In a move that will surprise nobody, the Institute of Public Affairs – a free-market think-tank which represents the interests of the rich and powerful – has released a paper calling on their good friends in the Liberal Government to abolish the award system and hand all power over wages to employers.
The IPA is an influential body with many connections to Australia’s elite, and has been used as a mouthpiece for the mega-rich to push anti-worker policy for decades. Some of the world’s most powerful companies regularly donate money to the IPA, including oil giants ExxonMobil and Caltex, mining giant BHP Billiton, and tobacco giants Phillip Morris and British American Tobacco (with clients like these, you won’t be surprised to learn that the IPA thinks climate change doesn’t exist).
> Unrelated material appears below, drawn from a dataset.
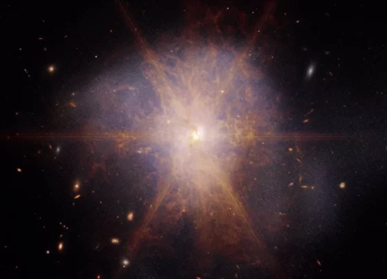 La colisión de las dos galaxias espirales comenzó hace unos 700 millones de años y provocó un enorme estallido de…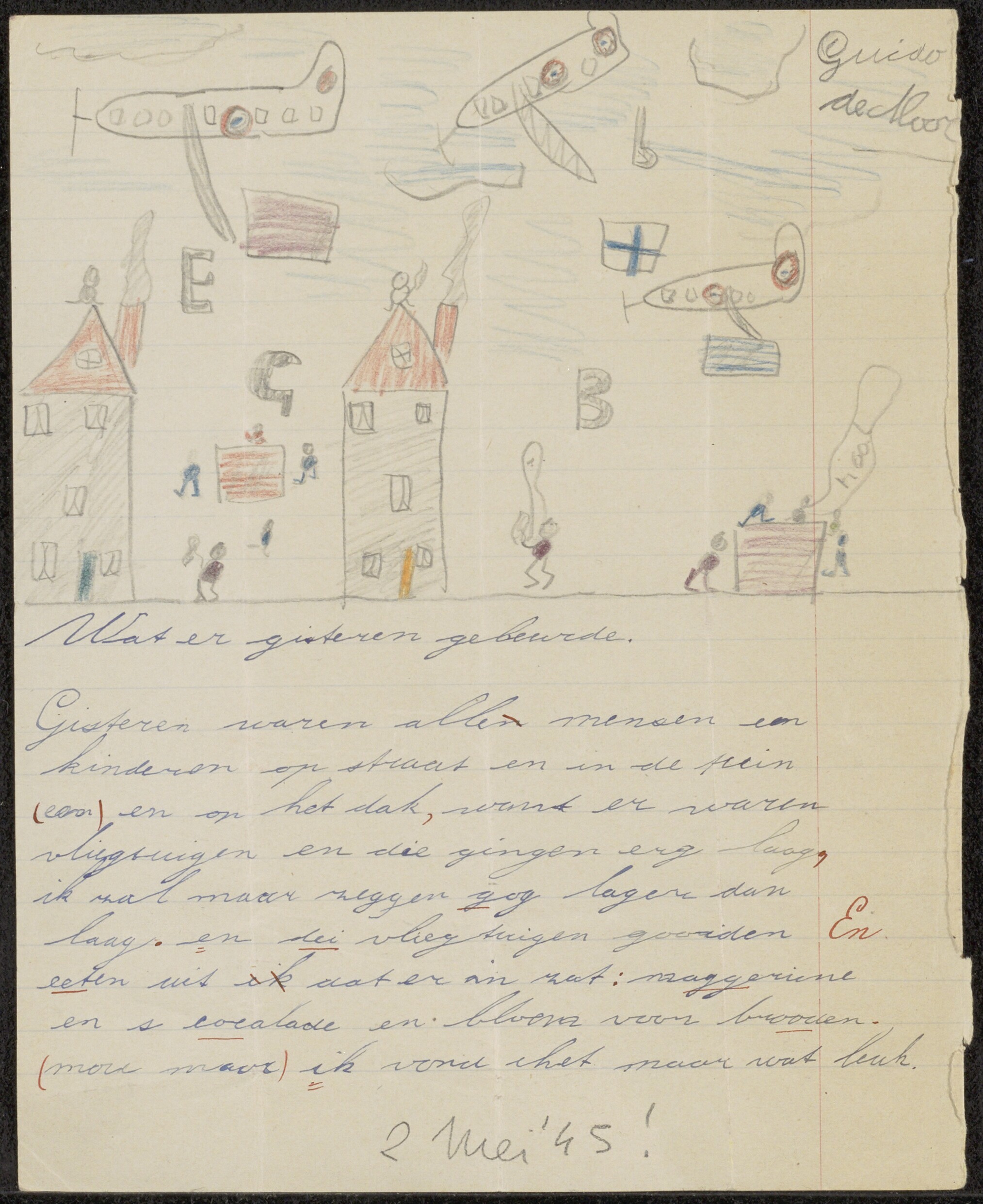 Drie potloodtekeningen met de afbeelding van voedseldroppingen. Eén ingekleurde tekening met daaronder en volgend op de achterkant een met blauwe pen geschreven en met rode pen gecorrigeerd opstel over een voedseldropping onder de titel: "Wat er gisteren gebeurde." Eén met op de voor en achterkant tekeningen van de voedseldropping en een met potlood geschreven tekst over een voedseldropping onder dezelfde titel als het voorgaande blad. Een tekening met de voorstelling van een voedseldropping zonder tekst.

It should come as no surprise to any meat workers that the IPA wants to see unions dead and buried (they even adorn the cover page of their new paper with an image of protesting CFMEU members). The IPA is responsible for helping to pass some of Australia’s most damaging laws that have made it harder and harder for workers to stand up for themselves. Now the IPA wants to take a swing at Australia’s award system and slash the minimum wage to as low as it can possibly go.
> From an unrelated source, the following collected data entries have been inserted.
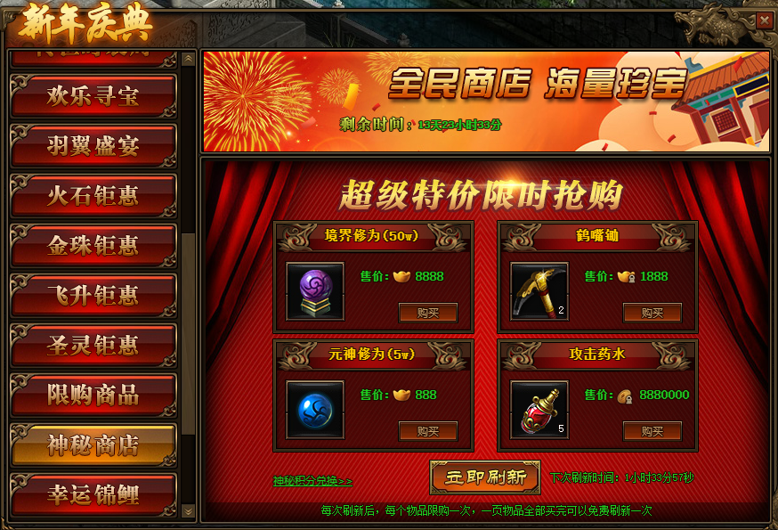 2.神秘商店每2小时自动刷新一次,也可用花费元宝立即刷新;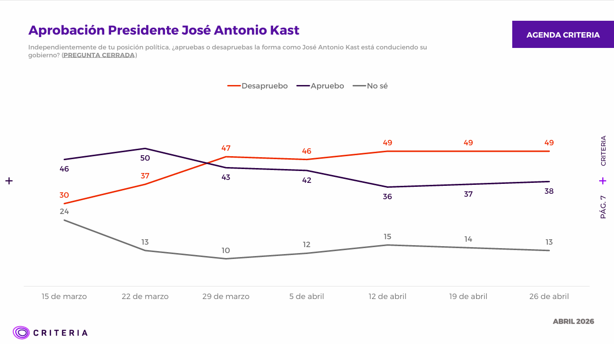 Encuesta Criteria: Aprobación del pdte. Kast registra leve aumento y desaprobación se mantiene en 49%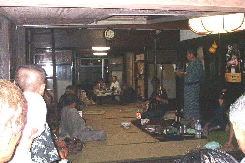 で、ウロついてると胡弓・三味線と唄が聞こえたので行ってみると1軒の家の前で人集りがしており、人垣の隙間から覗いてみると、その家の中で唄っとるようですなぁ、踊りはやってないが・・

Out of touch with real Australians
Meat workers in Australia are doing it tough. We’re in the middle of a meat industry crisis, attacked on all sides by live exporters, record cattle shortages, and aggressive employers who want to cut costs at every turn.
Working households in Australia are struggling to make ends meet, as wealthy Australians race ahead to the point where senior executives now earn 150 times what the average Australian earns each week. Public services are failing and being privatised as companies refuse to pay tax and hide their profits in secret offshore accounts.
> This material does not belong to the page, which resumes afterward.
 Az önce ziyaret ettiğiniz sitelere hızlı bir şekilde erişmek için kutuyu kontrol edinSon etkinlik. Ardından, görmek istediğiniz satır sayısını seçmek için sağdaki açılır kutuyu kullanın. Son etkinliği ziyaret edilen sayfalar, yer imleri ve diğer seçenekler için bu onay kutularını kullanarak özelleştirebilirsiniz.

The average salary of a meat worker in Australia is just $38,000. How can a think-tank which regularly hosts parties attended by people like Gina Rinehart (worth $12.9 billion) and Rupert Murdoch (worth $16.8 billion) possibly comprehend what life is like for the people on the ground? For workers just like you?
Katie and Matt’s stories
We don’t have to look hard to find people in Australia who are doing it tough. Our own members, people like Katie and Matt in northern NSW, are struggling to stay above water in an increasingly difficult economy.
Matt has five kids and only a single income, working every single Saturday so that his family can afford some wiggle room. The loss of family benefits and childcare benefits have hit Matt hard, and he’s worried about what the future holds.
Katie is a single mother with three kids, and she’s particularly worried about the Liberal Government’s plans to slash Medicare payments – something else the IPA is recommending. Without Medicare payments, her son wouldn’t have been able to get treatment for his recent injury, as the money simply isn’t there. How out of touch do you have to be to think that working class people don’t deserve access to support and healthcare?
Working people standing together
Meat workers already know that things are bad under the Liberal Government, and if Turnbull gets his way then things are going to head towards a truly terrifying American model. All working class Australians should be especially concerned, because the IPA actually thinks that Turnbull and the Liberals aren’t going far enough.
Anybody who has studied history will tell you that unregulated industries mean runaway profits for companies while workers are crushed into the dirt and even killed. All of the gains and benefits that working class people enjoy today – the eight-hour day, holiday pay, sick pay, guaranteed minimum wages – these were put in place when workers stood together in unions and fought for their rights.
Multi-million-dollar mouthpieces like the IPA want to take all that away and put working class people ‘back in their place’. This must not be allowed to happen – join your union today and join the fight.